You have been a VJ and would have known how things work behind the camera. Was the transition from a VJ to actress helpful and easy?
Well, I don't think VJing had much of an influence on me as an actress. Since I did it during my teens, I think it was more of a fun and exciting way for me to earn pocket money. But yes, it definitely helped me to become fluent and well-versed in Malayalam since I wasn't brought up in Kerala initially. It also helped me to open up and grow in confidence as a teenager, so I'm very glad to have had those experiences.
Geethu and Nivin have a big fan base in Kerala. What was your first reaction when you knew that you have been roped in a Nivin Pauly-starrer?
The moment when Geetu said, "That's it. I found my Aamina", right after I gave my audition, that moment will forever be etched in my memory. It was one of the most thrilling and exciting moments of my life. Of course, I was over the moon to be given the opportunity to debut with Nivin Pauly, while being directed by Geetu. Couldn't have asked for a better start.

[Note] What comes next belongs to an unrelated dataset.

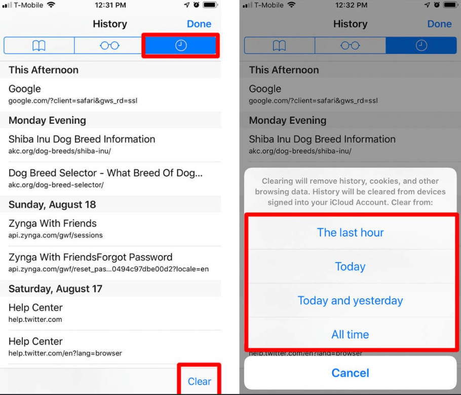 - Clearing will remove history, cookies, and other browsing data. History will be cleared from devices signed into your iCloud account.

There's a general notion that when a celebrated star is on board in a movie, the other characters seem to get less attention. But Moothon's case has been very different. What do you think?
The story of Moothon is all heart. And each and every character helps to bring that out. While Nivin is absolutely outstanding, I believe every primary character in the film will leave a mark on your hearts.
Heard that though you have your roots in Kerala, you have been places. Did knowing different places helped you mould your persona?
Of course. I am very blessed to have had such diversity of experiences and cultures while growing up. I think it has given me a much wider perspective on life and people in general. I also tend to be able to relate to different kinds of people very naturally and easily.
Over the years, we just have a handful of female filmmakers. How crucial is the role of a filmmaker like Geethu Mohandas in the industry? Will that help the industry to bring out politically correct movies?
Geetu Mohandas is a force to be reckoned with and this is just the start. I think her courage in her choices as a filmmaker will definitely play a crucial role in encouraging more women to come to the forefront of cinema.
I don't know about politically correct, what does politically correct even mean these days? Isn't it more important to make conscientiously correct films, meaningful cinema that makes you think, that makes you feel, well that I'm sure that filmmakers like Geetu will play a huge role in bringing out more of.
If given a chance in Mollywood, any dream directors you want to work with? As in, any directors you have been following since a long time?
Oh so many. I feel like Malayalam cinema is ages ahead of many of the other film industries in India. We have such great content and such unique storytellers. I would love to work with Rajeev Ravi sir at some point. Also, Lijo Jose Pellissery, Aashiq Abu, Anjali Menon, and several others.
Your views on Malayalam movies..
Like I mentioned above, I feel like Malayalam cinema is leading the way for Indian cinema in many ways. I love the gritty, real, all-heart approach of most Malayalam cinema these days. I'm excited to see where it goes.
I am currently shooting for an interesting special appearance role in Bejoy Nambiar's Taish. I'm also a writer, so I am currently in the thick of writing something new. Super excited about that.